STRUCTURAL PATTERN DISCOVERY IN DYNAMIC GRAPHS
MetadataShow full item record
Structural pattern discovery problems, which contain graph isomorphism as a sub-problem, are computationally very hard. The runtime of complete algorithms for discovering structural patterns such as frequent subgraphs and highly compressing subgraphs are exponential with respect to the size of the graph. The inefficiency of these complete algorithms is exacerbated by the increase in size of dynamic graphs. Thus in this dissertation, we study efficient methods of mining such structural patterns in large dynamic labeled graphs. First we look at parallel techniques, where we can accumulate the graph data into a single large graph that we can then partition into parts and process in a parallel manner. We propose SP-Subdue-2 that uses a MPI cluster and a data-parallel approach to find highly compressing subgraphs in a large graph.

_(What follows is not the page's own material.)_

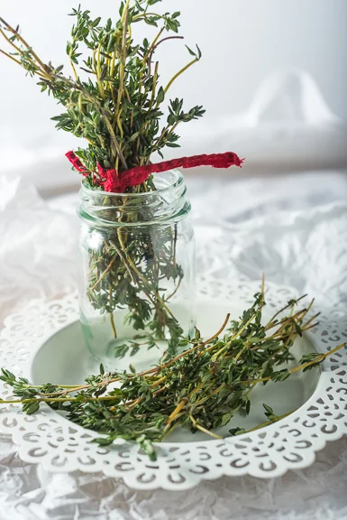 We're also going to need to add some fresh herbs. This is one item that you really need to splurge on in the Winter. The downfall is that they are not a quick walk away in the garden but any store sells a good variety of fresh herbs in the dead of Winter. For this cheese combination I prefer some fresh Thyme. It's just so fragrant and a nice smell when you're eating and looking at the snowfall through the window. To add a little spice we're going to also use from fresh baby arugala.

We evaluate our approach using a large artificial graph and a Nuclear Smuggling dataset. While we outperform previous approaches to the same problem, the method cannot handle data sources which produce an infinite stream of changes. Our objective is to design an algorithm that can continuously process an infinitely changing graph. Hence, we propose StreamFSM, which takes batches of node and edge additions to a graph and continuously finds and reports the frequent subgraphs at the end of each batch. StreamFSM can be easily tuned via its parameters to trade off efficiency and accuracy in its results. StreamFSM outperforms its static counterparts. While StreamFSM finds frequent subgraphs in the entire graph, it requires the user to specify a frequency threshold. This might not always be possible. Hence we propose StreamCompress which discovers the top-K highly compressing subgraphs in a graph stream using the set covering metric. We show that StreamCompress' runtime scales similar to StreamFSM and that it is accurate in discovering known highly compressing subgraphs. Both StreamFSM and StreamCompress, however, require the entire graph to be stored in memory. We address this issue by using a time based fixed size sliding window on the graph stream. We see a significant improvement in the performance of StreamFSM when using this fixed size window.